(2018 version. Click here for 2019).

How the Projects Work

We want you to work on your project through the entire semester (some people even continue beyond the end of the semester, for extra credit). So starting on time is important.

Everyone should select a project during the first two weeks of the semester, and we will ask you to upload a plan at the end of that period, including (1) team members, if you work with others, (2) the specific project you will do, (3) your timetable for starting to show some hands-on experience with the key elements, (4) the split of tasks within your team.

Plan to spend 4-6 hours per person, per week, on these projects. This is in lieu of other homework, and there is no final, so the workload is actually pretty much average for a Cornell class, provided that you start on time.

Our initial hope had been to have people use Derecho for their projects, but the platform is not yet stable enough to make this a wise choice. So we are suggesting that you consider setting up Tensor Flow instead, and working in that model. The experience would be very valuable for landing high-paying jobs these days! There is one Derecho project opportunity mentioned at the bottom of this page, but we will probably limit how many people can work on it.

Project Goals

For spring 2018, we are recommending that students try to build a Fog or Edge computing application, and that they consider using Tensor Flow for the "online" aspects. We will not be teaching you to use Tensor Flow; you would need to watch the online training videos and read the documentation. But basically, this is a Python-based language (so your code is entirely in Python), that has a distributed computing model built into it, based on a flow of events that hold data in the form of a matrix, image, video, or a numerical "tensor". In fact they treat all such data as some kind of tensor, for uniformity, but this is because even a string can be viewed as a 1 x 1 matrix with one cell containing a string. So if you are very aggressive about it, anything is a tensor. Tensor Flow is about "flows" of tensor objects from data sources, like sensors, into other subsystems in a cloud.

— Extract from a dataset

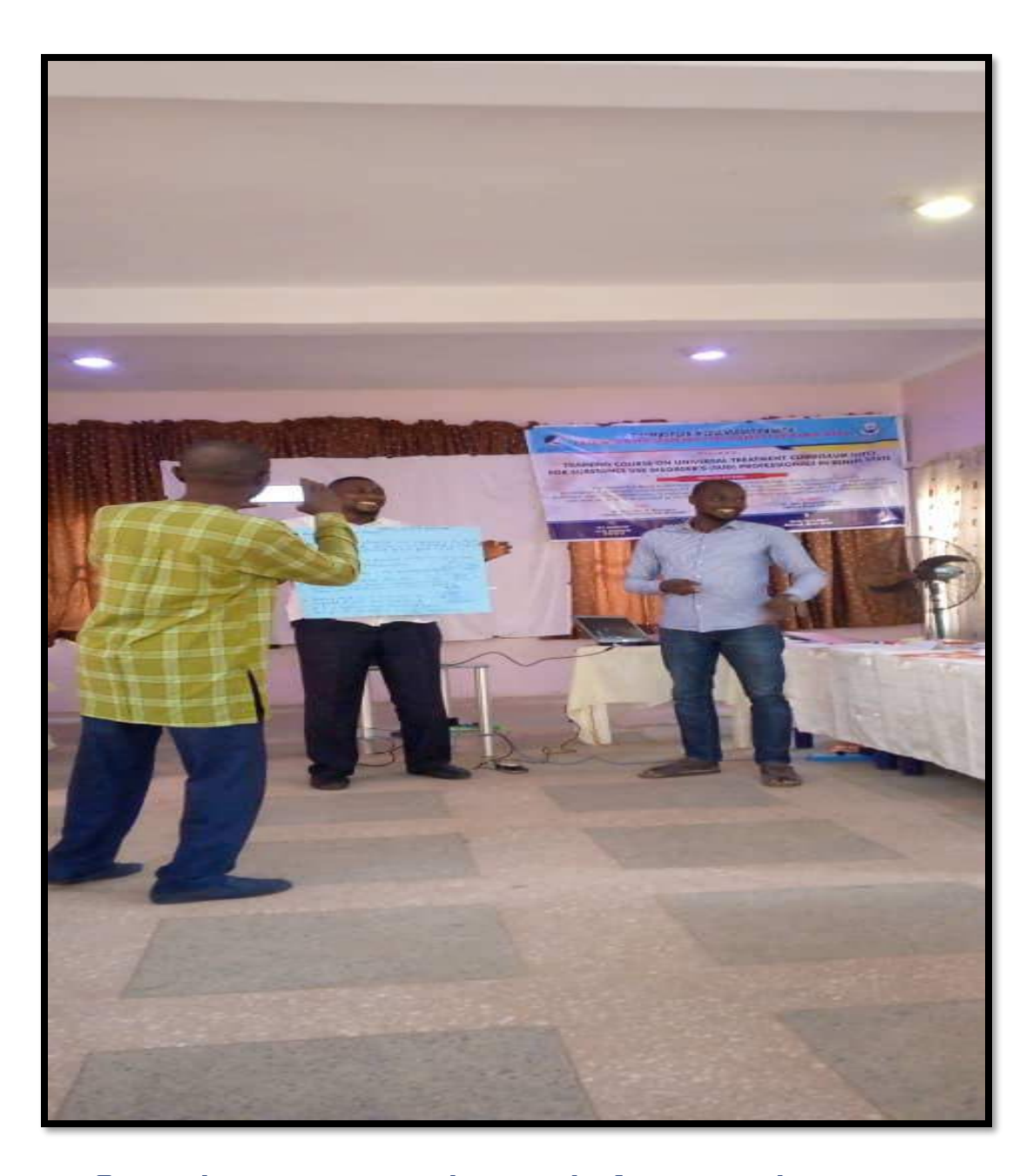
Group three presenting their work after group discussion

But Tensor Flow is not obligatory. On Microsoft Azure, a version of C# called Dandelion might of interest, especially if you work with video content. On Amazon, you can use Tensor Flow, but there are all sorts of tier-two service options for dealing with flows of events from sensors. You do need to figure out what you will use, on your own, because there are so many choices. But once you decide, our TAs can help you map the problem you pick to the technology you picked. The TAs don't know everything about everything, but they are good at this kind of system structuring.

Aim for something simple, then build on that. For example, start by "capture a sequence of data records, and do something to them, and store the results." Work your way up and out, taking small steps. This way you will always have something working, even if the thing isn't the world's most exciting. Don't wait until the last minute, swing for the outfield fence... and strike out entirely!

Projects can be specialized, but would generally have a structure along the following lines.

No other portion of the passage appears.